In this regard, in Korean Patent No. 10-1803842, the structure includes a first metal material on which a hole portion is formed, and a second metal material on which a vertical flange is formed while being inserted into the hole portion, and the second metal material is used on the hole portion. A swaging structure of a metal material that allows coupling of a first metal material and a second metal material by swaging a vertical flange after insertion into a metal material, and a bus bar using this swaging structure are disclosed.

However, in the metal swaging structure according to the prior art and the bus bar using this swaging structure, excessive load is applied to the swaging device when pressure is applied to the entire area in the process of swaging the vertical flange. Alternatively, there was a problem of damage to the vertical flange.

Korea Registered Patent No. 10-1803842

Therefore, the purpose of the present invention is to solve the problems of the prior art as described above, and the pressing means is configured to locally contact the bearing member, and the swaging of the bearing member is gradually reduced through rotation of the pressing means. The aim is to provide a swaging tool that prevents damage during the swaging process of bearing members.

According to the features of the present invention for achieving the above-described object, a support means for supporting an object or a bearing member is provided on one side of the support means and a part of the bearing member seated on the support means is pressed. It is characterized by including a pressing means that allows the bearing member and the object to be coupled by rotation.

The support means includes a support body that has an external shape and provides an area for supporting an object or a bearing member, and is formed on one surface of the support body and is seated on the bearing member and the support body, so that the bearing member and the support body It is characterized by including a prevention groove to prevent interference.

The pressing means includes a pressing body that has an external shape and has a first engaging groove that allows insertion of a key on one side and a second engaging groove that allows insertion of a rotating shaft on the other side, and the pressing A coupling portion provided on one side of the body and having at least one through hole through which the rotation axis can pass and a coupling hole through which a pressing member can be installed, and a coupling portion provided on one side of the coupling portion and having the coupling portion formed on one side of the pressing body. A rotating shaft that can be rotatably supported, a fixing part provided on the outer ring of the rotating shaft and a part of which is inserted into the interior of the bearing member, and a fixed portion provided on the other side of the pressing body and the rotating shaft can be coupled inside the pressing body. It is characterized by comprising a key that presses the bearing member and a pressing member provided inside the coupling hole.

The coupling hole is characterized in that it is formed at an angle.
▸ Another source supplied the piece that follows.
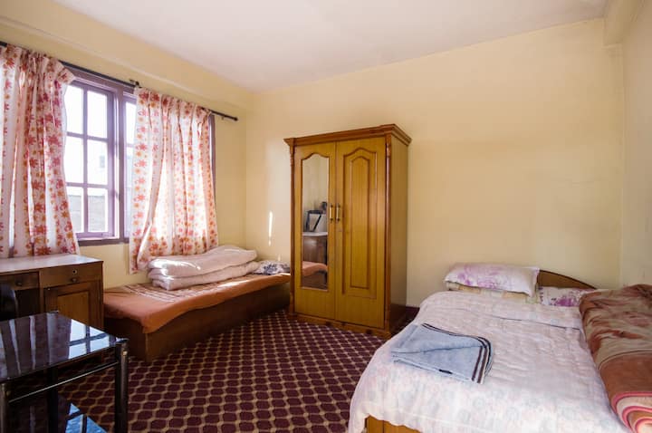 เราใช้ห้องพัก 3 ห้องและห้องอาบน้ำ 1 ห้องที่ใช้ร่วมกับเตียงคู่และเตียงเดี่ยวครอบครัวผู้อยู่อาศัยใช้อีก 5 ห้องแผนที่เมืองกาฐมาณฑุ

The pressing member is characterized in that it is rotatably installed inside the coupling hole.

The swaging tool according to the present invention has the following effects.

In the present invention, as the pressing member is installed at an angle, the bearing housing is guided to be swaged in an outward direction, which has the advantage of preventing defects in the rotation angle of the ball bearing.
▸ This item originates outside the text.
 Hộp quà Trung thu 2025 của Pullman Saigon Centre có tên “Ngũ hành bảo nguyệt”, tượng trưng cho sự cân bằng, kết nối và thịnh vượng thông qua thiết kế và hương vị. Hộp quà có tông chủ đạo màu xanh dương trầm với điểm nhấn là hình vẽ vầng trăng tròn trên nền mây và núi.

In the present invention, the pressure members are individually rotatable, thereby reducing friction, and this has the advantage of reducing damage to the bearing member due to heat generation.

In the present invention, the pressing member is provided to contact a portion of the guide groove, and the entire guide groove can be swaged through rotation, so there is an advantage in that damage to the bearing member due to excessive load can be reduced.
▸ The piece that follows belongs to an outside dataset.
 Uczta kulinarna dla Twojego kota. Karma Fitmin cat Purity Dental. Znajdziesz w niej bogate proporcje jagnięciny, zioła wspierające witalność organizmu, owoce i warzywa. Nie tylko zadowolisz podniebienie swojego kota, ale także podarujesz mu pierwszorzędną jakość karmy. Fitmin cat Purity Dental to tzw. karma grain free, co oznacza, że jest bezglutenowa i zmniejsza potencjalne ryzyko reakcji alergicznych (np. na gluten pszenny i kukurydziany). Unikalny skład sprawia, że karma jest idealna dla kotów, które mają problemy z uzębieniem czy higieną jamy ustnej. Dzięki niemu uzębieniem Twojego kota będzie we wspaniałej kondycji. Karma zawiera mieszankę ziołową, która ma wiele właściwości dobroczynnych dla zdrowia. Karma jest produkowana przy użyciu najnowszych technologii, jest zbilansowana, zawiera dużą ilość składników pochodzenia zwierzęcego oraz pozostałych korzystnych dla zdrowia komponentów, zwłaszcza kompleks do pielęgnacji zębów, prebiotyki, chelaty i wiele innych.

1 is an exploded view showing the configuration of a preferred embodiment of the swaging tool according to the present invention.
Figure 2 is a cross-sectional view showing an application example of a preferred embodiment of the swaging tool according to the present invention.
Figure 3 is an upper perspective view showing the configuration of a support means constituting a preferred embodiment of the swaging tool according to the present invention.
Figure 4 is a bottom perspective view showing the configuration of the pressing means constituting a preferred embodiment of the swaging tool according to the present invention.
Figure 5 is a cross-sectional view showing swaging according to a preferred embodiment of the swaging tool according to the present invention.

First, the object 100 and bearing member 200 to which the swaging tool according to the present invention is applied will be described.

The object 100 corresponds to a lock link used in an aircraft landing gear, and is a portion where an insertion hole 110 for inserting the bearing member 200 is formed.

Of course, the object 100 may correspond to an unspecified product used in various areas, and is characterized by the formation of an insertion hole 110 for inserting the bearing member 200.

The insertion hole 110 is formed to penetrate the object 100, and as shown in FIG. 2, the upper or lower end is formed to be expanded, so that when swaging of the bearing member 200 is performed, the insertion hole 110 is formed to penetrate the object 100. ) and the insertion hole 110 may be preferably configured to be combined.

Meanwhile, as shown in FIG. 2, the bearing member 200 includes a bearing housing 210 that accommodates a ball bearing 220, and a ball bearing that is rotatably accommodated inside the bearing housing 210. (220) and the like.

Here, a guide groove 211 is formed in the bearing housing 210 to guide swaging by the swaging tool according to the present invention.

The guide groove 211 is formed on the upper or lower surface of the bearing housing 210 to facilitate swaging by the pressing means 400 of the present invention.

It is preferable that the guide groove 211 is recessed inward from the upper or lower surface of the bearing housing 210 and has a ring shape.

Additionally, the guide groove 211 may preferably be formed in a shape similar to a 'v' shape.

Of course, it is preferable that the guide groove 211 is formed close to the outer ring side on the upper or lower surface of the bearing housing 210.

Meanwhile, for example, the ball bearing 220 has a height longer than the height of the insertion hole 110.

That is, in the process of the pressing means 400 pressurizing the guide groove 211, the outer ring of the bearing housing 210 is expanded, and through this, the bearing member 200 and the object 100 can be coupled. .

In addition, the ball bearing 220 is made in a shape similar to a ring whose circumferential surface is similar to a sphere.

Here, as the ball bearing 220 has a shape similar to a ring, a penetrating portion is formed, and a portion of the support means 300 and the pressing means 400 may be inserted into this penetrating portion.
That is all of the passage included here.